No segundo momento, ela podia utilizar um recurso mais acessível, ou seja, a
oralidade, para expressar seus conhecimentos, demonstrando então o que
realmente sabia sobre as relações num ecossistema.
Além disso, este exemplo, nos mostra que os conhecimentos naturalistas
não são necessariamente relacionados às áreas tradicionalmente valorizados pela
escola, ou seja, a leitura, a escrita e a matemática. Em outras palavras, crianças
que obtém baixos escores no rendimento escolar, podem ter bons conhecimentos
naturalistas.
Supomos que há uma diferença fundamental entre o raciocínio lógico-
matemático e o conhecimento naturalista, embora ambos estejam também
relacionados.
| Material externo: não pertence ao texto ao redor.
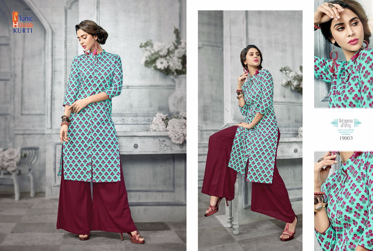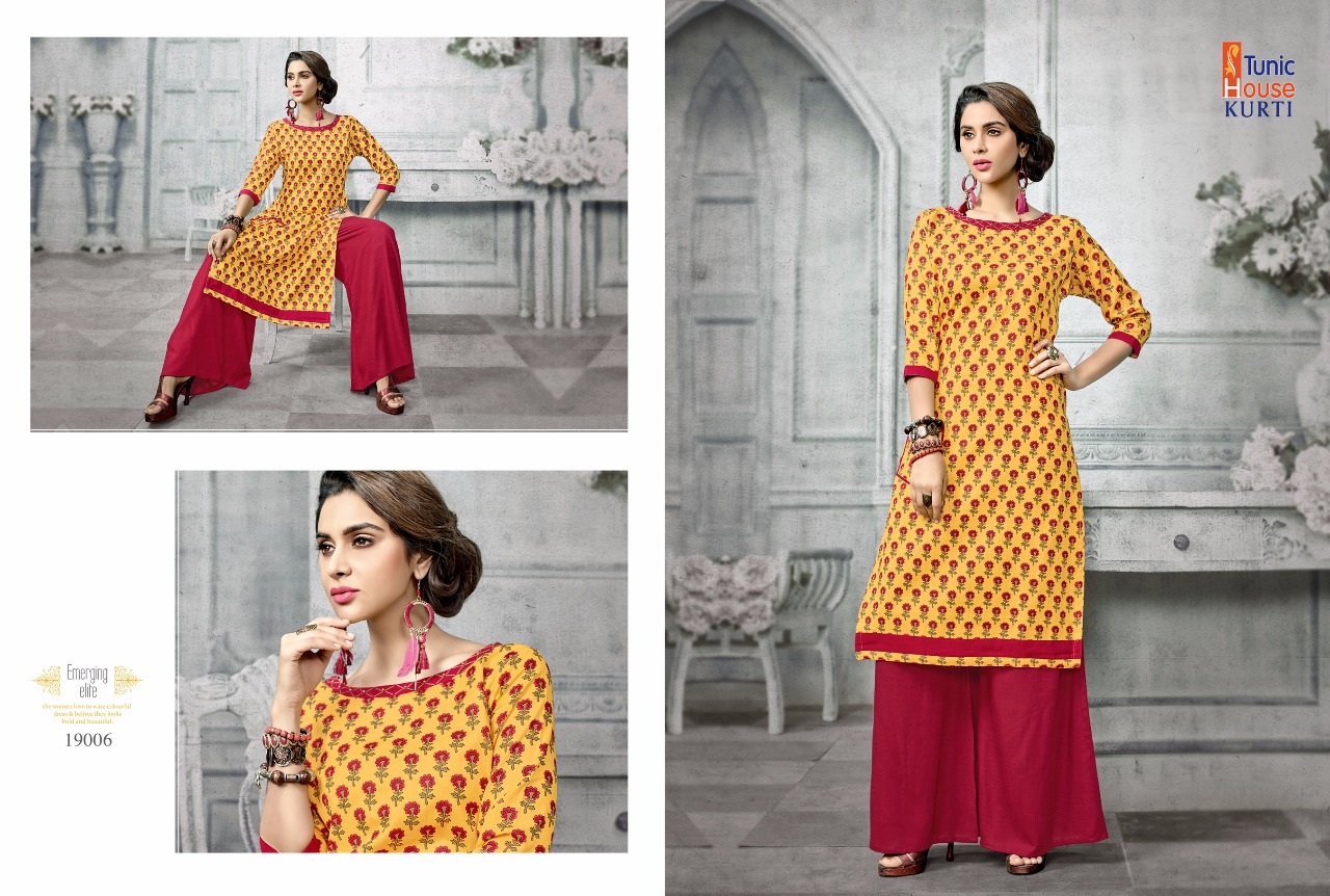 Buy Online Florenz By Tunic Cotton Printed Top With Plazzo Suits Wholesale Supplier And Dealer Surat 6 Pcs of Full Catalogue at Wholesale Price. Looking for Florenz By Tunic Cotton Printed Top With Plazzo Suits Wholesale Supplier And Dealer Surat Full Catalouge at Best Price? Buy Now Florenz By Tunic Cotton Printed Top With Plazzo Suits Wholesale Supplier And Dealer Surat at Wholesale Rate of Rs 4290 with Total 6 Pcs from authroized dealer and supplier of TUNIC HOUSE Brand. Cost of Each piece is just only Rs 715 which is very low and affordable price to resale the product in your retail store ,This is Surat based Wholesale Supplier & Dealer of TUNIC HOUSE Brand. Click on Brand name to Know more about TUNIC HOUSE Brand's products.Call or Whatsapp on 9898838984 for booking or enquiry

A construção do conhecimento biológico parece possuir
características diferentes, em comparação com a construção do conhecimento
lógico-matemático. A elaboração dos conceitos biológicos não corresponde,
simplesmente, a uma aplicação dos princípios gerais do desenvolvimento da
inteligência, em Piaget, ou da inteligência lógico-matemática, em Gardner, a esta
área de conhecimento, mas segue um caminho próprio. Talvez este percurso
possa ser descrito com mais adequação através do modelo da Redescrição
166
Representacional (RR) proposto por Karmiloff-Smith (1999), na medida em que
esta pesquisadora busca uma integração entre os conceitos de Piaget e das
ciências cognitivas mais recentes.
167
8. O SABER AMBIENTAL DA CRIANÇA NA SEGUNDA INFÂNCIA
Os pesquisadores do desenvolvimento cognitivo sustentam que o ponto
de partida para qualquer trabalho educativo, que vise provocar mudanças
conceituais, é a compreensão das teorias intuitivas da criança-aprendiz. Pois, são
estas que representam, tanto as possibilidades, como os cerceamentos dentro dos
quais o pensamento infantil se configura (Carey, 1985; Gardner, 1994; Karmiloff-
Smith, 1999).
Para realizarmos uma análise mais profunda dos resultados da pesquisa
de campo, iremos, ao invés de interpretar as respostas em termos do que lhes
falta para constituírem um conhecimento científico coerente (que esteja de acordo
com a biologia e a ecologia), descrever a visão de mundo – constituída num misto
de teorias intuitivas e conhecimentos científicos – que caracteriza o pensamento
infantil em relação aos seres vivos e à interação destes com o meio, dando ênfase
aos aspectos que podem contribuir para a construção de um saber ambiental.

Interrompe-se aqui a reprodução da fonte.